## EXERCISE DATA

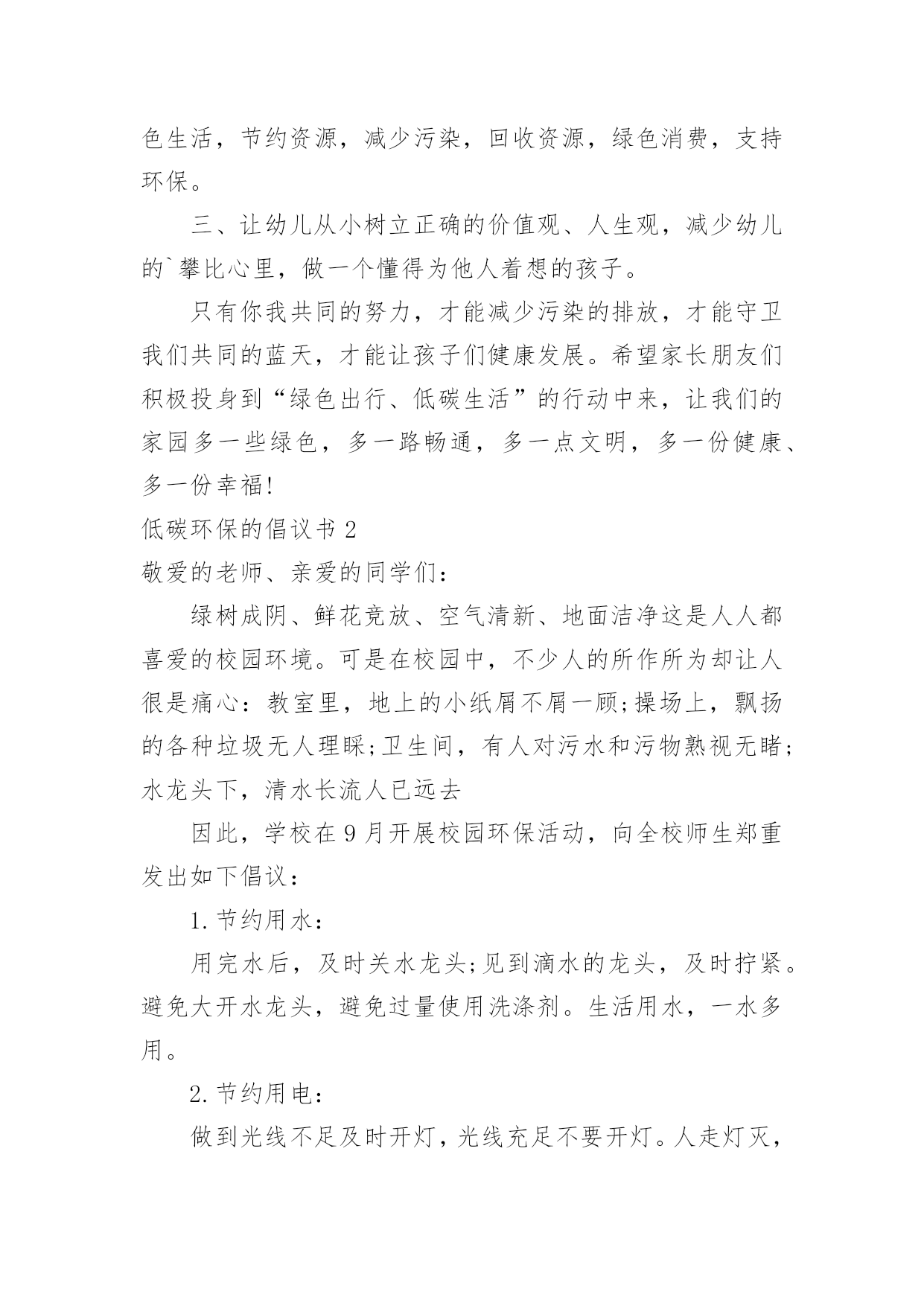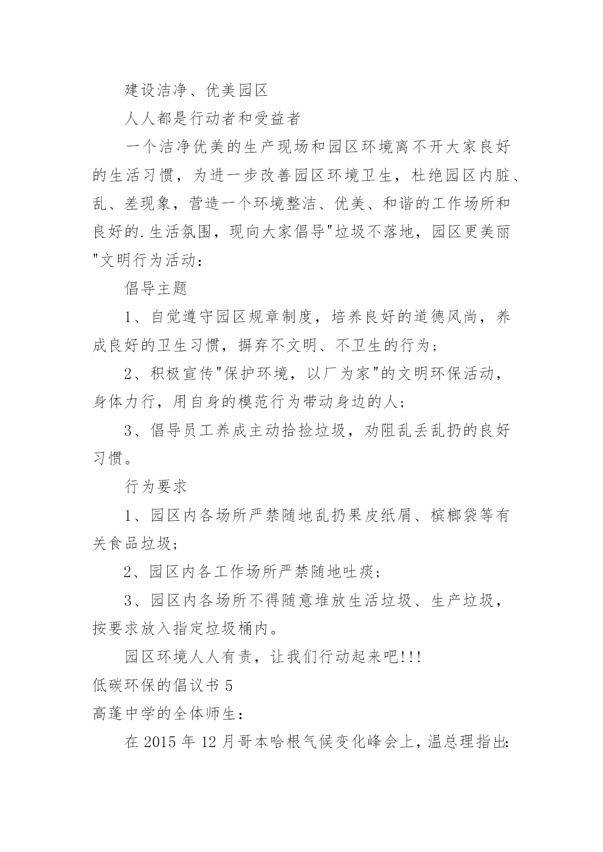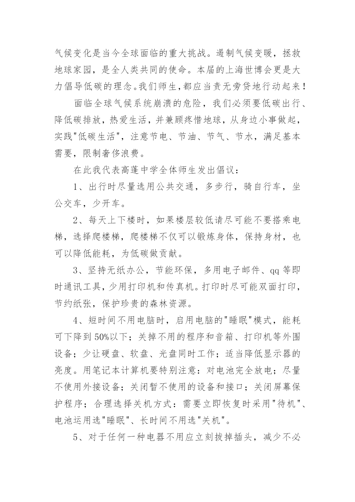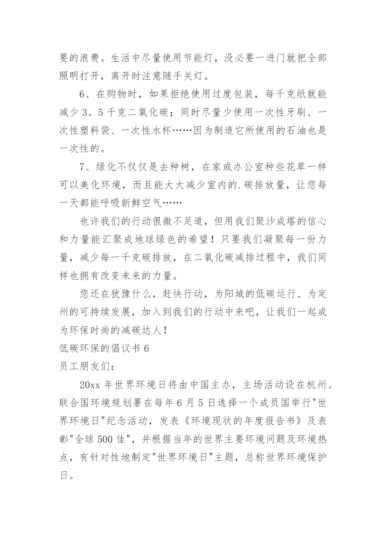 低碳环保的倡议书(荐)低碳环保的倡议书在现在社会,越来越多地方需要用到倡议书,倡议书是由某一组织或社团拟定、就某事向社会提出建议或提议社会成员共同去做某事的书面文章。相信写倡议书是一个让许多人都头痛的问题,以下是小编整理的低碳环保的倡议书,希望能够帮助到大家。低碳环保的倡议书1各位家长朋友:你们好!蔚蓝的天空,清新的空气,这是我们大家理想的生活环境。然而当我们城市里穿行的汽车越来越多,道路显得越来越狭窄时;当路上花费的时间越来越多,出行不再便捷时;当空气污染,蓝天白云难以再见时——我们要思考、改变我们的自身行为、重新考虑出行方式。现我园向家长朋友们发出如下倡议:一、争做绿色出行的先行者。我们倡议:“有车族”带头选择骑自行车或步行或公交车接送幼儿,缓解幼儿园门口的道路压力。如若实在不便也可将车辆停在百米之外的地方带幼儿步行一段距离,这其实对幼儿也是一种锻炼。同时也提醒开车接送幼儿的家长注意避让行人,注意安全。二、从我做起,从现在做起,从身边小事做起,提倡绿色生活,节约资源,减少污染,回收资源,绿色消费,支持环保。三、让幼儿从小树立正确的价值观、人生观,减少幼儿的`攀比心里,做一个懂得为他人着想的孩子。只有你我共同的努力,才能减少污染的排放,才能守卫我们共同的蓝天,才能让孩子们健康发展。希望家长朋友们积极投身到“绿色出行、低碳生活”的行动中来,让我们的家园多一些绿色,多一路畅通,多一点文明,多一份健康、多一份幸福!低碳环保的倡议书2敬爱的老师、亲爱的同学们:绿树成阴、鲜花竞放、空气清新、地面洁净这是人人都喜爱的校园环境。可是在校园中,不少人的所作所为却让人很是痛心:教室里,地上的小纸屑不屑一顾;操场上,飘扬的各种垃圾无人理睬;卫生间,有人对污水和污物熟视无睹;水龙头下,清水长流人已远去因此,学校在9月开展校园环保活动,向全校师生郑重发出如下倡议:1.节约用水:用完水后,及时关水龙头;见到滴水的龙头,及时拧紧。避免大开水龙头,避免过量使用洗涤剂。生活用水,一水多用。2.节约用电:做到光线不足及时开灯,光线充足不要开灯。人走灯灭,人离电关。避免白昼灯、长明灯的情况发生。电脑非工作期间及时关机,待机时请关掉显示器,减少电脑用电量。3.节约用纸:尽量少用餐巾纸,多用手绢和抹布。文件资料双面打印,字体适宜排版合理。学生本子写完别空太多。4.减少废物:提倡自带餐具、水杯,尽量不用一次性筷子、杯子。购物时自带袋子或篮子,袋子多次使用,避免用过就丢。5.生活节俭:不盲目攀比,不浪费粮食。培养良好的生活习惯,不超前消费,要合理消费、适度消费。6.爱惜物品:爱惜仪器设备和公物,使设备始终保持完好状态,尽量减少损坏维修。珍惜笔、书、本,充分发挥其利用价值。7.讲究卫生:垃圾只能丢到垃圾桶或垃圾堆。老师们、同学们,美丽的'环境需要我们共同营造,文明的习惯靠我们平时一点一滴地养成,资源的节约有赖于每个人的实际行动。只有我们心怀环保、行为环保,我们的未来,我们的后代,才能更加美好!低碳环保的倡议书3广大市民朋友们:蔚蓝的天空,清新的空气,打造宜居宜业北方人文山水城市,是我们全体新安人多年的追求和期盼。为进一步增强广大市民的环保忧患意识,倡导绿色、低碳环保的生活方式,营造良好的绿色低碳城市氛围,我们向广大市民发出"绿色低碳生活,从步行做起"倡议:一、积极参与低碳行动签名承诺活动。大力宣传低碳环保理念,宣传绿色生活方式,争当低碳绿色生活的.先锋。二、体验绿色低碳出行。倡议广大市民和单位职工步行、骑自行车、乘坐公共交通工具或拼车上下班,减少车辆使用,积极践行"135"出行方案(即1公里内步行,3公里内骑自行车,5公里内乘坐公共交通工具),以绿色低碳的出行方式支持节能减排。三、提倡绿色低碳办公模式。各党政机关、社会团体和厂矿企业职工在上班期间应多走步梯、不乘电梯;减少办公设备待机能耗,八小时之外彻底切断办公设备电源(在不影响工作和安全的情况下)。四、文明单位树立榜样。各文明单位职工要率先垂范,起到模范到头作用。阳春三月,百花盛开,在这美好的季节里,让我们一起行动起来,过低碳的生活,做绿色的市民,共同拥抱蓝天、绿树和白云,共同营造我们幸福美好的家园!此致敬礼新安县全国文明城市指挥部办公室20xx年3月26日低碳环保的倡议书4建设洁净、优美园区人人都是行动者和受益者一个洁净优美的生产现场和园区环境离不开大家良好的生活习惯,为进一步改善园区环境卫生,杜绝园区内脏、乱、差现象,营造一个环境整洁、优美、和谐的工作场所和良好的.生活氛围,现向大家倡导"垃圾不落地,园区更美丽"文明行为活动:倡导主题1、自觉遵守园区规章制度,培养良好的道德风尚,养成良好的卫生习惯,摒弃不文明、不卫生的行为;2、积极宣传"保护环境,以厂为家"的文明环保活动,身体力行,用自身的模范行为带动身边的人
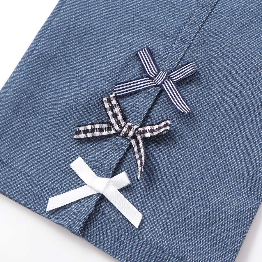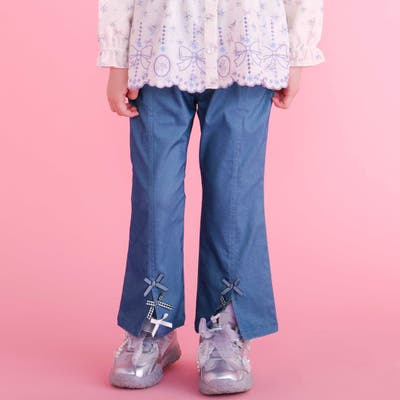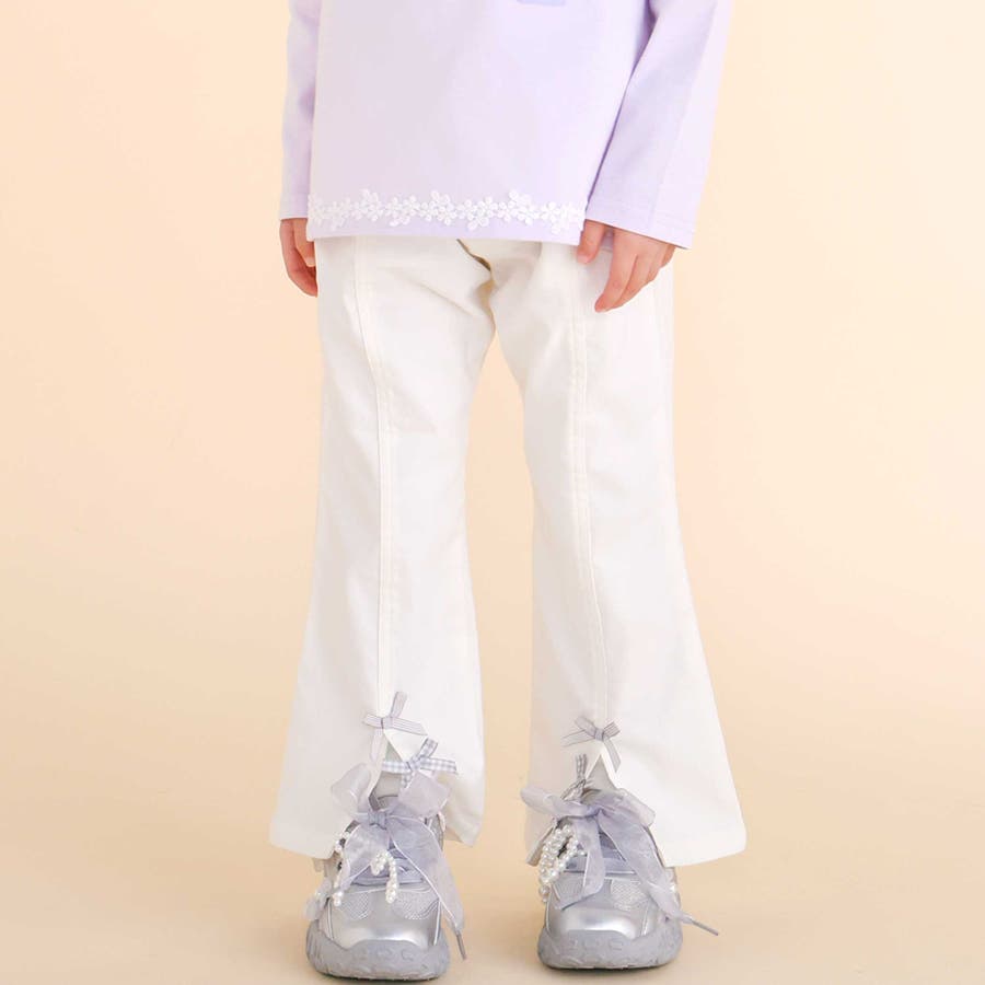 裾にあしらったリボンがさりげないポイントになった女の子用パンツ。
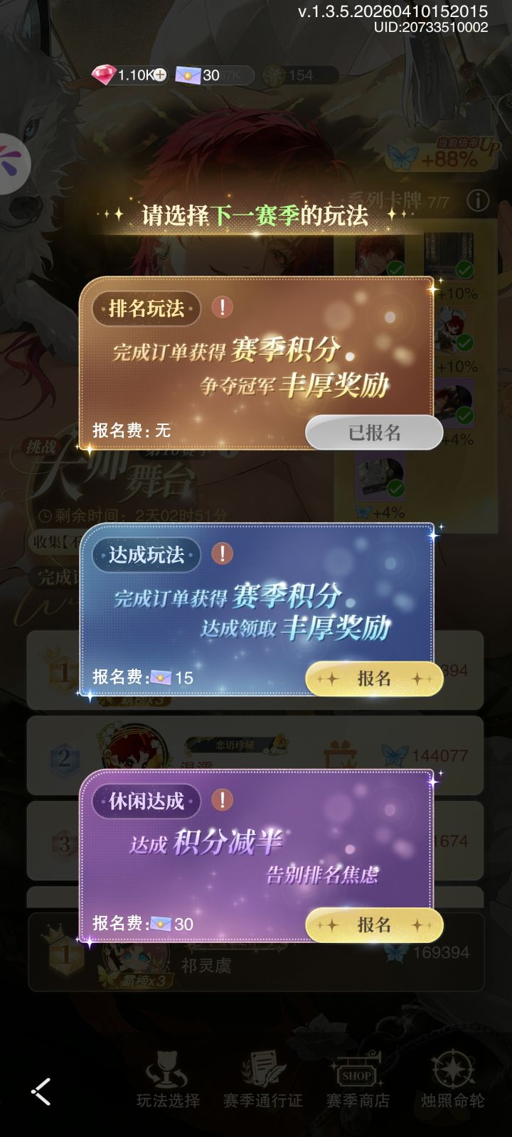 感觉自己有点胜负心,但又不是很强。还有两个s级订单没提交和四万体力没用。可每天被破班摧残,天天加班,一回家打开手机,十点了,应该调个闹钟的。好几次都是没来得及冲榜。感觉有点可惜,毕竟自己花了那么多体力进去还没拿第一。如果后面的赛季遇到氪佬,那我是一点希望都没了。自己也只是微氪玩家,不想再充钱了。
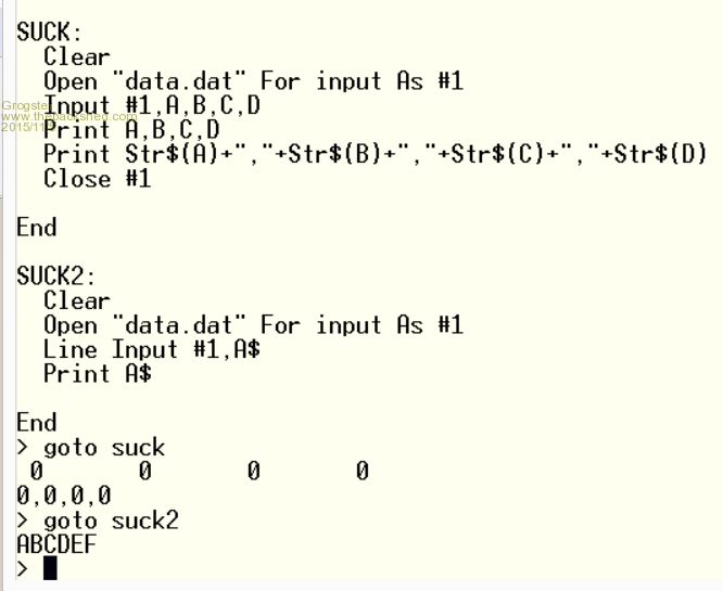 LINE INPUT #1,record$ - this will try to input a line of text from the file on the SD card previously opened.Smoke makes things work. When the smoke gets out, it stops!
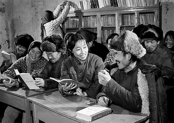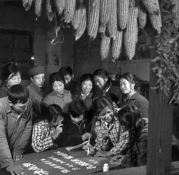 1971年,公社生产队里社员们在认真学习马列主义毛泽东思想。
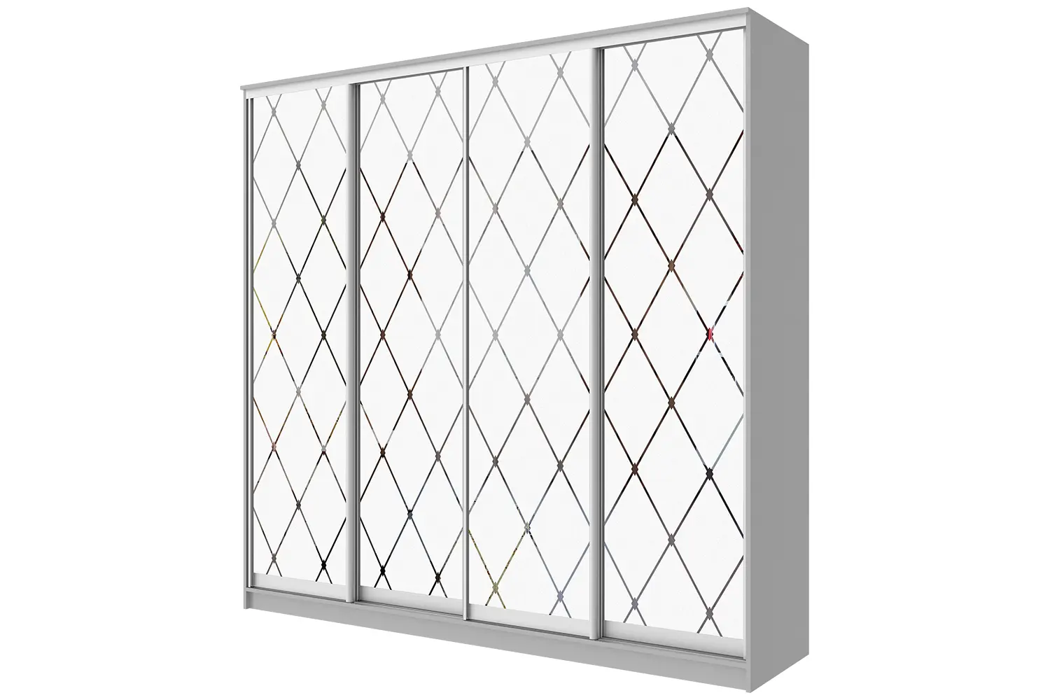 Шкаф-купе 4-х дверный ХИТ с пескоструйным рисунком Ромбы большие матовые
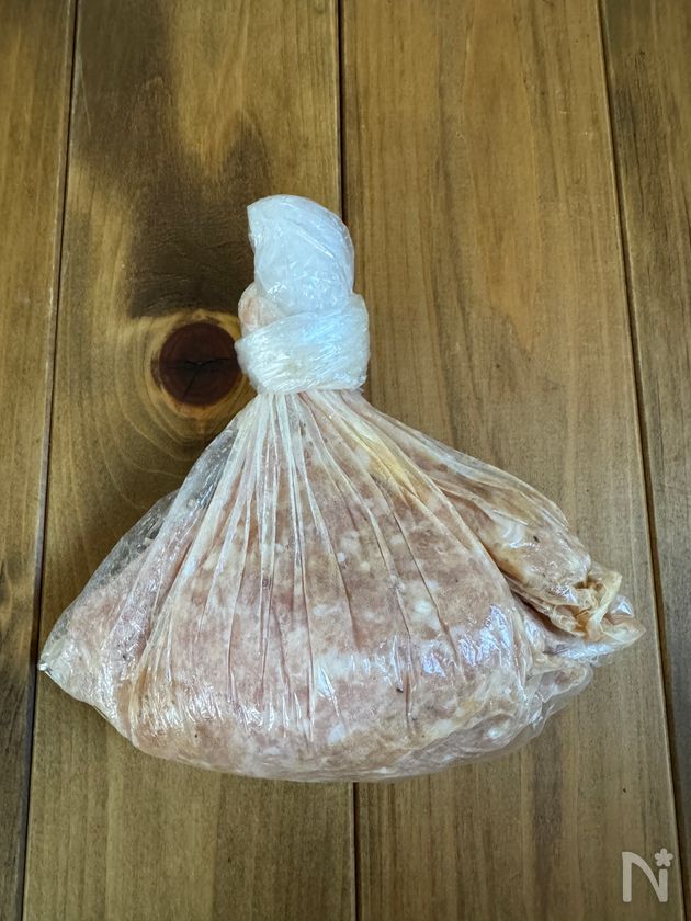 (1) ポリ袋に鶏ひき肉と【A】を加え、しっかり混ぜる。

## PROBLEM STATEMENT
Write out exactly the lines from the one containing "Шкаф-купе 4-х дверный" to the last line of the records above, both included, and leave out any pictures.

## FINAL ANSWER
 Шкаф-купе 4-х дверный ХИТ с пескоструйным рисунком Ромбы большие матовые
 (1) ポリ袋に鶏ひき肉と【A】を加え、しっかり混ぜる。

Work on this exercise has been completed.